It is hard to overestimate the impact cable TV companies have had in the U.S. internet access business. At every speed tier, cable operators have overwhelming market share, as you immediately can tell from the following graph, where “red” represents cable market share at various speeds. At the higher end, cable has well over 80 percent of sold connections operating at a minimum of 100 Mbps.
But even at the low end, at speeds less than 3 Mbps, cable has 60 percent share.
For better or worse, those adoption statistics reflect deliberate capital investment decisions by U.S. telcos other than Verizon. Basically, many independent telcos have been financially unable to invest faster, while AT&T arguably has made a priority of mobile capital investment.
Verizon “benefits” from having made most of its fiber to premises investments a decade ago.
What comes next is not so clear. Some argue cable operators are in position to leverage their market control to raise prices.
Others might argue that telco fixed wireless is part of the strategy for catching up with cable. And AT&T recently has stepped up investment in gigabit services where it believes their is a business model.
Others might argue that at least AT&T and Verizon are looking past fixed segment competition and hoping to lead in the future mobile and untethered markets. That is part of the interest in both mobile video and fixed wireless built on the mobile network.
Yet others might argue that apps and services beyond internet access will drive revenue in a decade, not access, per se, reducing the value of access investments, in any case.
Still, the market impact cable TV has had is foundational. Its reliance on its own facilities, using different platforms than telcos use, has allowed it to upgrade faster, at lower cost, than telcos have been able to do using fiber to the home.
But most of the share losses have come from telcos other than AT&T and Verizon, which in recent years have been holding their own. In other words, you might argue both those firms have invested enough to get by, while prioritizing investments in mobility that clearly has driven revenue growth for both firms.
The issue now is how much investment has to be tweaked to maintain the “just enough” capex. Many would argue it does not make sense for either AT&T or Verizon to overinvest in fixed network internet access, as the financial return simply will not be there.
At this point, the fixed network internet access market is nearly a zero-sum game. That means most of the market share gains will have to come from other competitors. Such markets are tough.
The total number of U.S. internet connections increased by about six percent between December 2015 and December 2016, reaching 376 million, the Federal Communications Commission reports. So there was growth, but at low and slowing rates.
With the caveat that speeds offered by some providers seems to be increasing about 50 percent per year, the 106 million fixed connections at the end of 2016 included 37 percent (39 million connections) operating between 25 Mbps and 100 Mbps, while 23 percent (or 25 million connections) offered speeds of at least 100 Mbps.

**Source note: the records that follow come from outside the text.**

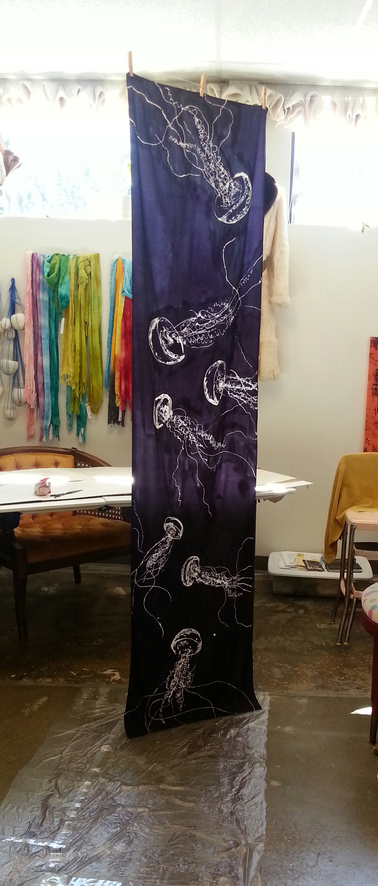 And here’s my finished black and white jellyfish scarf… I used hot wax for a batik process then steamed the silk charmeuse scarf to set the dye and transfer the wax to the paper wrap. I’m really delighted with the way it turned out and can’t wait to play some more with the wax! In fact, I have an order of silk coming in this week…
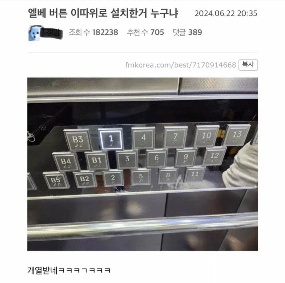 엘베 버튼 이따위로 설치한거 누구냐??
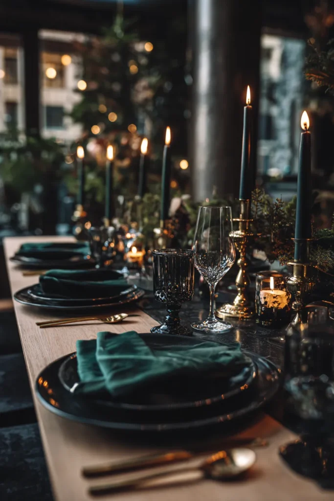 I am completely obsessed with the use of the deep emerald velvet and those bold black candles—it’s just so unexpected and sophisticated! The pops of gold from the flatware and candlesticks make the whole setup feel incredibly rich and warm, perfectly counteracting the dark colors. It’s a beautifully dramatic and highly luxurious take on a winter theme that feels so unique and personal. If you love a moody, intimate, and totally glamorous dinner party vibe, this tablescape is the absolute dream!
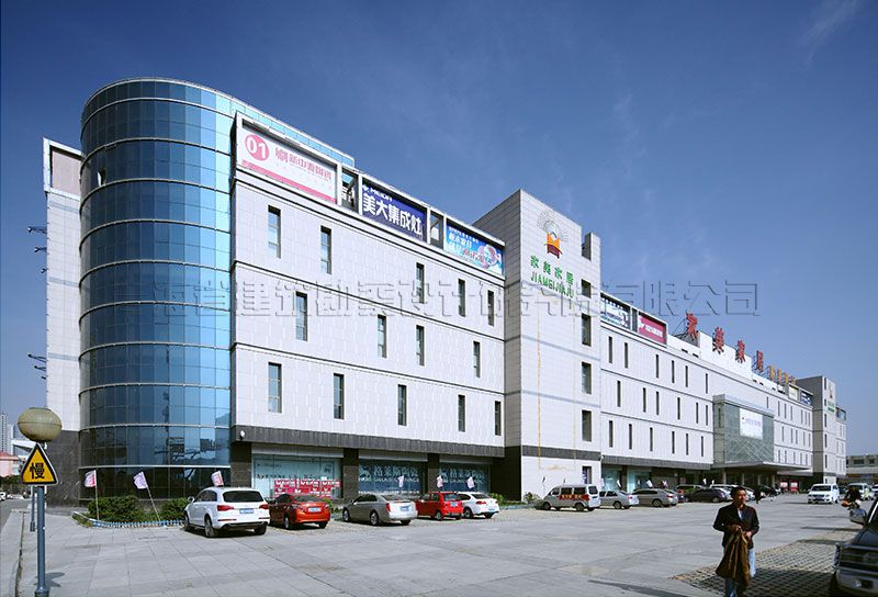 建筑體型為矩形,建筑立面窗采用亂碼窗的分割方式,石材幕墻錯縫排列,并采用表面不同質(zhì)感的石材加強實體墻的視覺效果,窗與實體墻比例劃分恰當(dāng),分格細膩,體塊規(guī)整大氣,端莊得體,體現(xiàn)大型賣場建筑的性格特征。
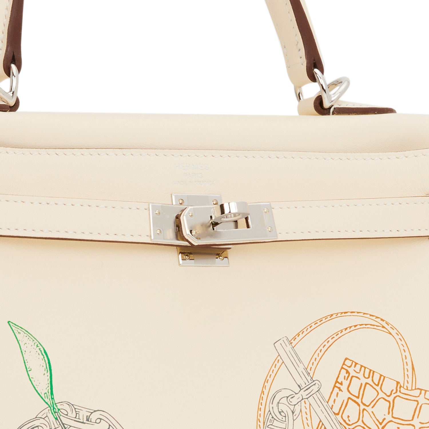 This Limited Edition Kelly, in the Retourne style, is in Nata swift leather with palladium hardware and has tonal stitching, front graphics of a rodeo charm, lipstick, pencil, coin purse and other small items found inside a bag, front flap, two straps with center toggle closure, clochette with lock and two keys, single rolled handle and removable shoulder strap.
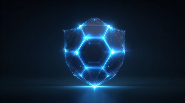 Glowing blue geometric structure resembling a protective shield hovers against a dark background
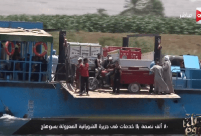 عرض الإعلامي عمرو أديب، تقريرًا مصورًا يظهر فيه أبرز المشاكل التي يُعاني منها أهالي جزيرة “الشورانية” بمحافظة سوهاج، حيث يعتمد الأهالي على “المعديات” التي تعمل حتى الساعة الثانية عشر منتصف الليل، في التنقل من الجزيرة إلى وسط المدينة.
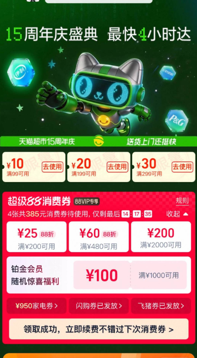 388VIP专享家电消费券3张共950元/闪购券包/飞猪券包铂金会员
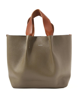 持ち手は約3.0cmほどの厚みがあり、張りのある弾力と自然なシボ感が特徴の
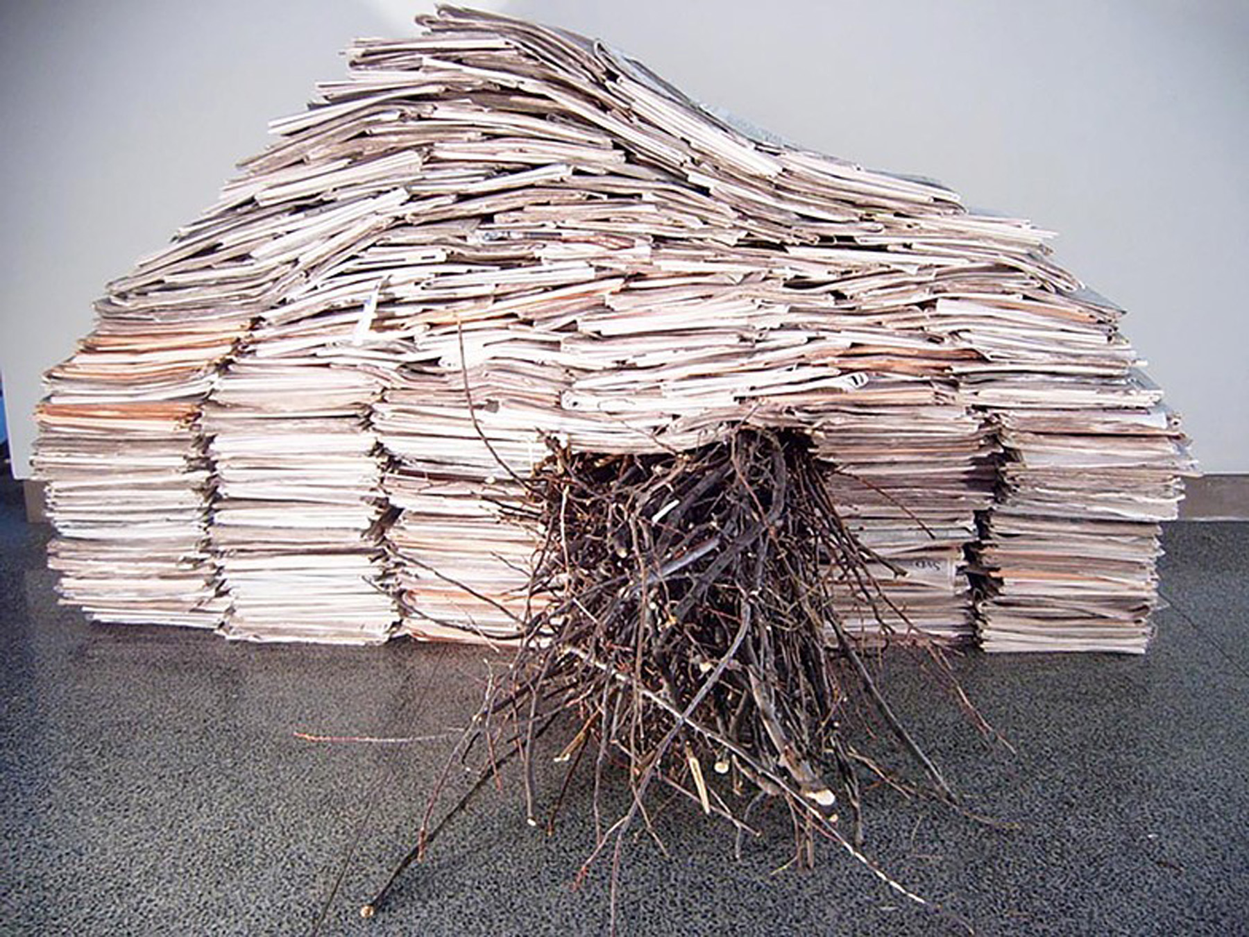 Passage I. Newspapers and sticks. 5.5'x10.2'x6'. 2006
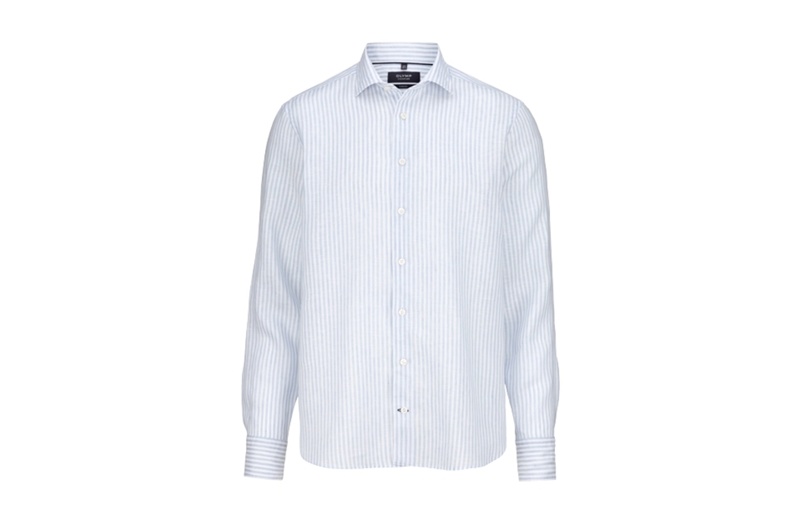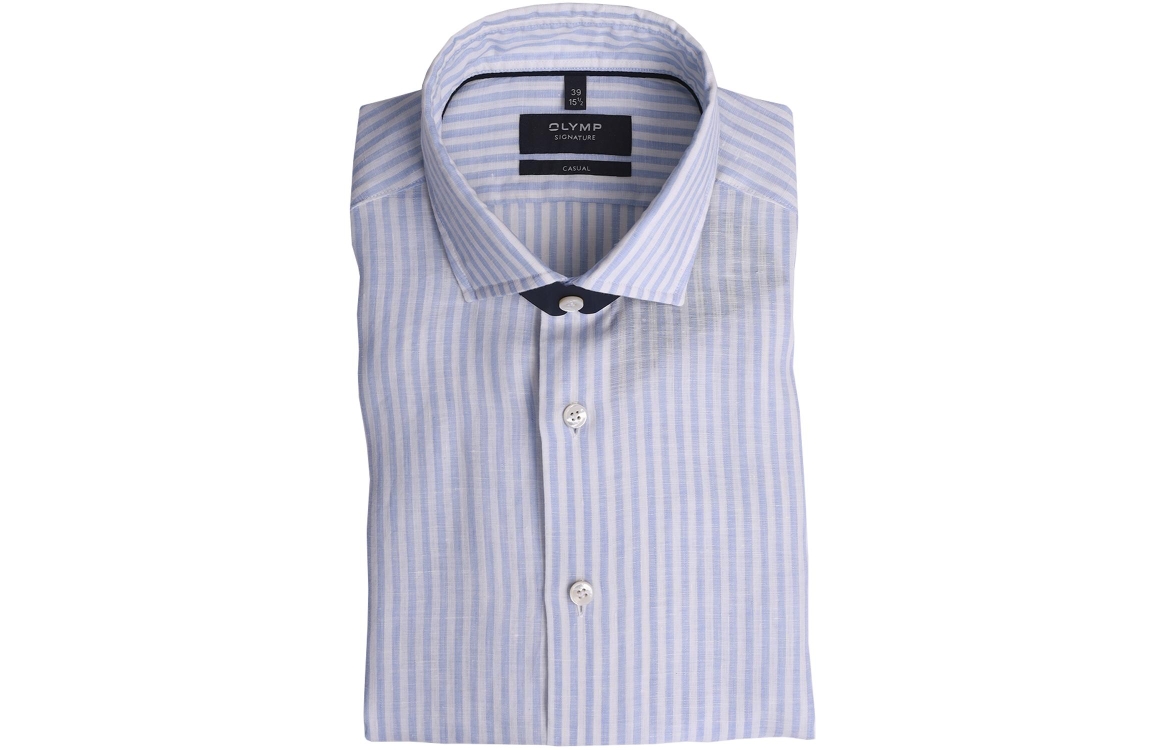 Olymp overhemd 8502|54|11. Dit casual model is voorzien van een kraag en heeft lange mouwen. Dit wit-blauw gestreepte overhemd van Olymp sluit door middel van witte knopen en is bewerkt met een verticale streep. Dit model is uitgevoerd in linnen.

That suggests the policy of gradually investment by AT&T, for example, is largely defensive. That makes sense, one might argue, in the context of a business driven by mobility or video services, not internet access.
In the fourth quarter of 2017, for example, AT&T earned 85 percent of revenue from apps, not internet access.
Keep in mind that the FCC figures also represent consumer buying choices, not the services available to buy. Consumers make rational choices about internet access, buying services that provide the best perceived value proposition, not necessarily always the “fastest available” tiers of service.
They buy what is “good enough,” more often than they buy what they deem “best.”
So 62 percent of consumers chose to buy services running faster than 25 Mbps.
Some 38 percent of consumers bought services operating at slower speeds, though it is impossible to say for sure whether those customers were unable to buy faster services, or chose to buy slower services even when faster alternatives were available.
Some four percent of consumers (four million connections) bought services operating slower than 3 Mbps downstream.
Some 14 percent bought (15 million connections) services operating between 3 Mbps and 10 Mbps. Some 22 percent (23 million connections) purchased services running between 10 Mbps and 25 Mbps.
The median (half of connections faster, half slower) downstream speed of all reported fixed connections was 40 Mbps and the median upstream speed was 5 Mbps.
For residential fixed connections, the median downstream speed was 50 Mbps and the median upstream speed was 5 Mbps.
Most of the growth in total Internet connections is attributable to increased mobile Internet access subscribership. The number of mobile Internet connections increased 7% year-over-year to 270 million in December 2016, while the number of fixed connections grew to 106 million – up about 3% from December 2015.